PROBLEM TO SOLVE: Shown below are entries with pictures; the line with "Hermès Clic Clac" through the line with "I started by" is the span to retype exactly, and the pictures stay out.

DATA LISTING:

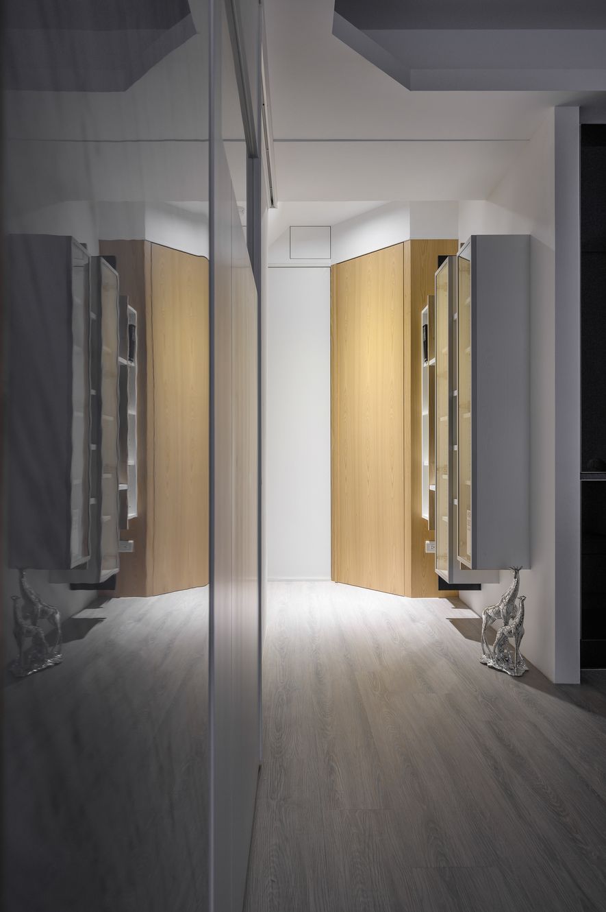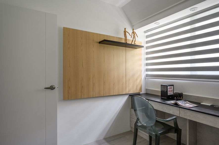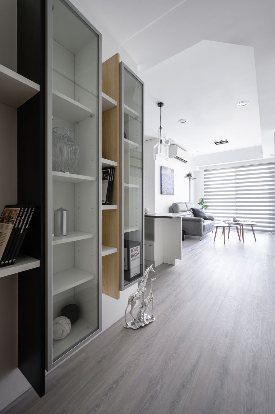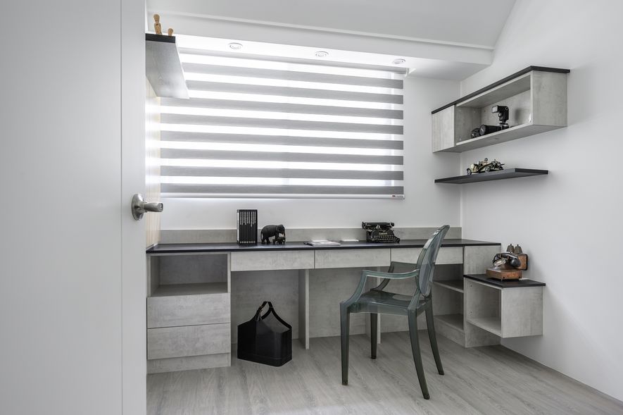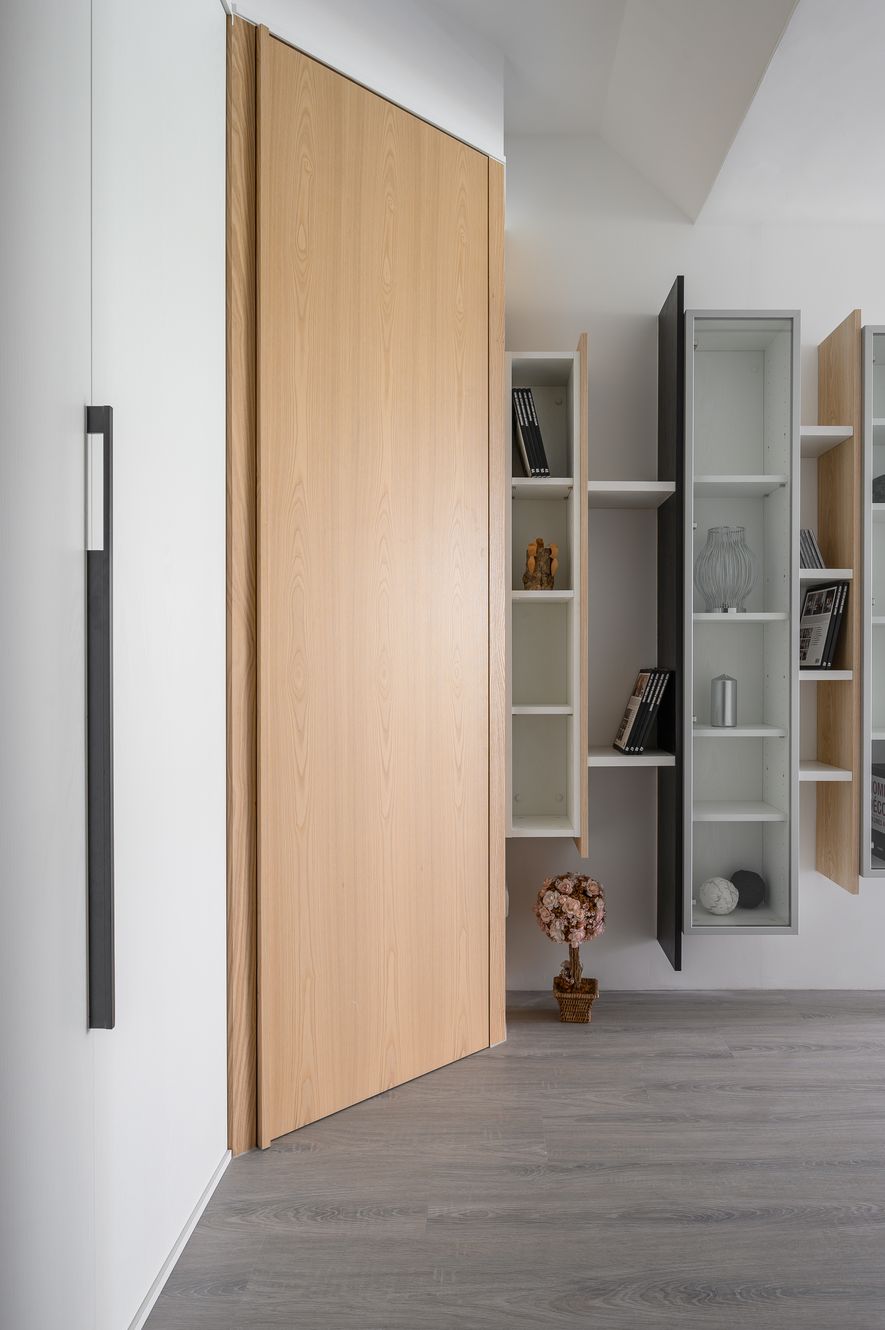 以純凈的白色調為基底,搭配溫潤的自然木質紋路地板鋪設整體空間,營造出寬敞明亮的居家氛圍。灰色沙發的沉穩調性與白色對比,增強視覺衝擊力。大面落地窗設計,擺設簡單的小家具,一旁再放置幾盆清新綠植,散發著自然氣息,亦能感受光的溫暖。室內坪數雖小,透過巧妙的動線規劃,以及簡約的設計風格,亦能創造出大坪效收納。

---

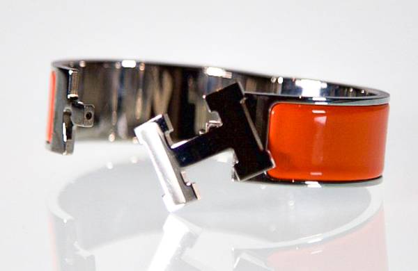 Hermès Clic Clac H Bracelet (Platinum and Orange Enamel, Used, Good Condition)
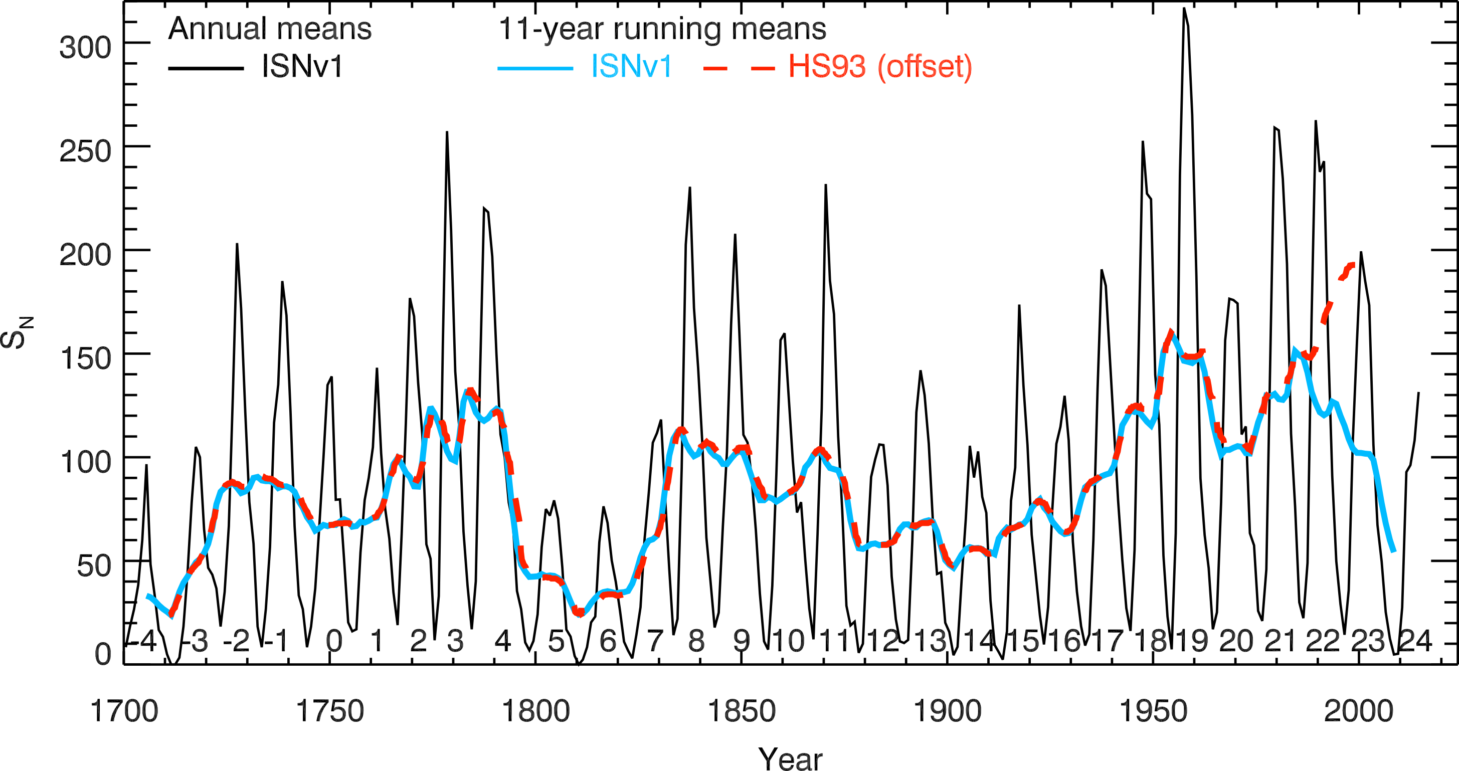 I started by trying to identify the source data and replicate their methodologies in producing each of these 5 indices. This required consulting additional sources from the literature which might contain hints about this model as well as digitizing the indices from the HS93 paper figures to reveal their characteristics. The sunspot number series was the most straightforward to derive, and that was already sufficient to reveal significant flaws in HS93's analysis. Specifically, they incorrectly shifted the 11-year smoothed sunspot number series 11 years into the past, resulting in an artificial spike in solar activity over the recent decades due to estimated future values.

SOLUTION FOR THIS PROBLEM:
 Hermès Clic Clac H Bracelet (Platinum and Orange Enamel, Used, Good Condition)
 I started by trying to identify the source data and replicate their methodologies in producing each of these 5 indices. This required consulting additional sources from the literature which might contain hints about this model as well as digitizing the indices from the HS93 paper figures to reveal their characteristics. The sunspot number series was the most straightforward to derive, and that was already sufficient to reveal significant flaws in HS93's analysis. Specifically, they incorrectly shifted the 11-year smoothed sunspot number series 11 years into the past, resulting in an artificial spike in solar activity over the recent decades due to estimated future values.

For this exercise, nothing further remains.